MIT researchers have developed a new method of building batteries, solar panels and transistors by using… viruses!
They announced the discovery of a new way of making the nanomaterials by using viruses as microscopic components. These viruses, inoffensive to the human body, were created to serve as microscopic assembly blocks. Initially, they were used for creating a new type of fiber having the same properties as nylon. Because this didn’t prove itself very useful, the researchers continued to modify the virus until it attached itself to various materials used for making the batteries electrodes, transistors and solar panels. This new technology will be used for making new types of products based on the interleaving of virus-created fibers in very thin and flexible structures. This way they could make flexible batteries embedded in your clothing, for example.
The same principle can be used for creating clothing articles that can work as solar batteries for powering the user’s devices. On of the possible military applications could be the making of an uniform capable to detect various chemical substances.
Self-assembly is one of the fundamental problems of nanotechnology.

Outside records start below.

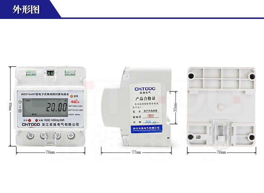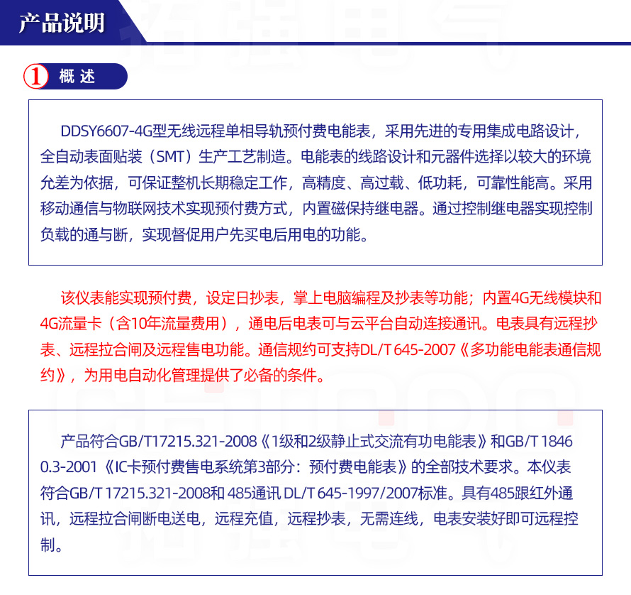 DDSY6607型系列GPRS遠程導軌式單相預付費電能表采用屏蔽式、密封型結構,用單片微控制器進行數據采集,處理和保存。具有良好的抗電磁干擾,低功耗,高準確度了,高過載,長壽命。安全符合GB/T17215-2002、GB/T18460.3-2001和DL/T645-1997標準中對電子式單相預付費電度表的全部技術要求。
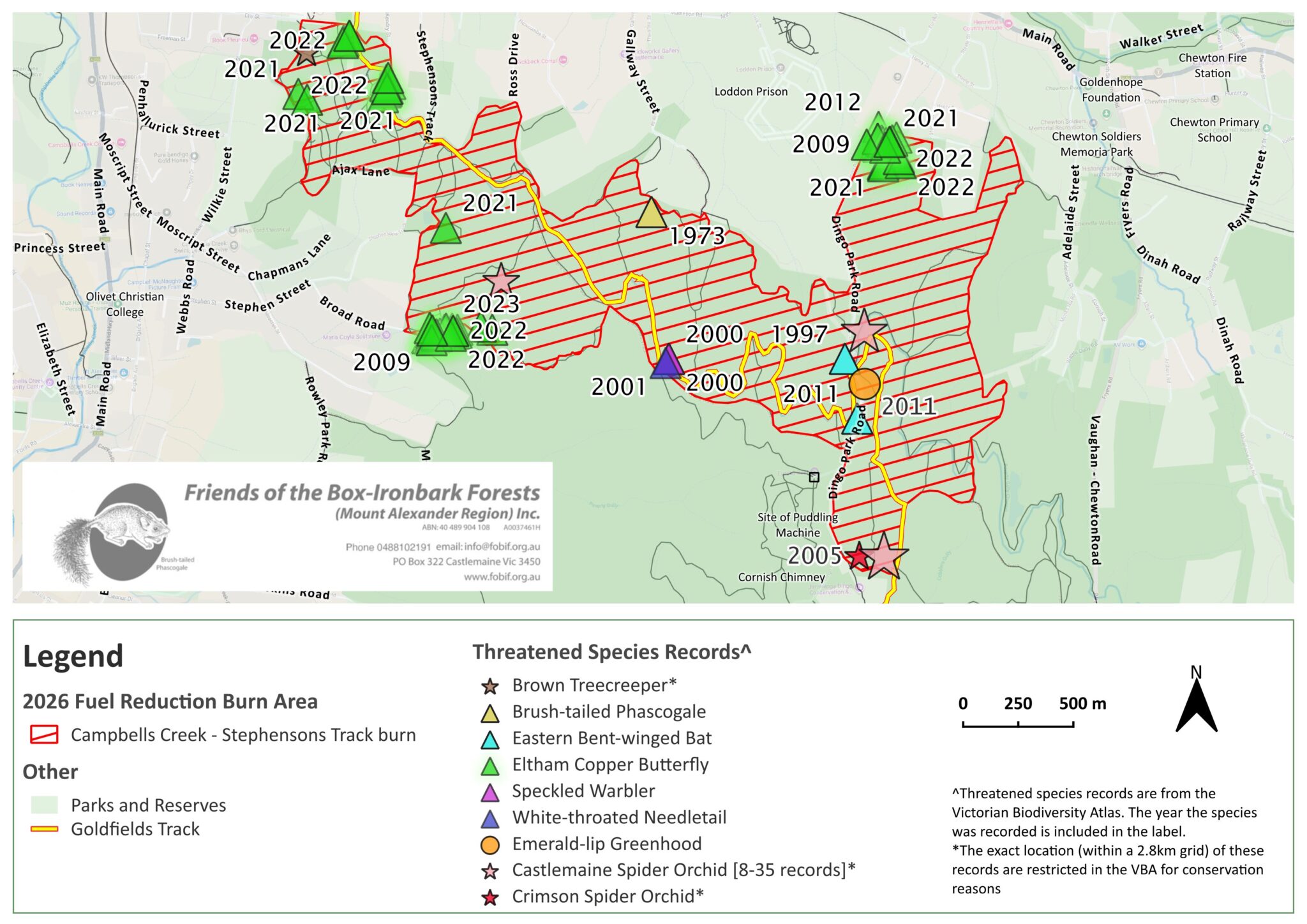 FOBIF has lodged a submission to Forest Fire Management Victoria (FFMV) regarding the proposed 239-hectare Campbells Creek – Stephensons Track planned burn in the Castlemaine Diggings National Heritage Park.
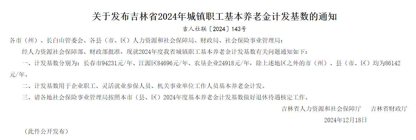 总体来看,吉林是全国31个省市中第16个明确2024年养老金计发基数的地区。

You have to make individual groups of uncooperative atoms to form functional structures. The proof that this phenomena is possible is nature itself, where life exists by transforming organic molecules into very complex biological machines.
The researchers intend to create programmable DNA sequences that can be integrated into the DNA of the virus. In this way you could manipulate any element of the periodic element for creating complex structures on a nanometric scale.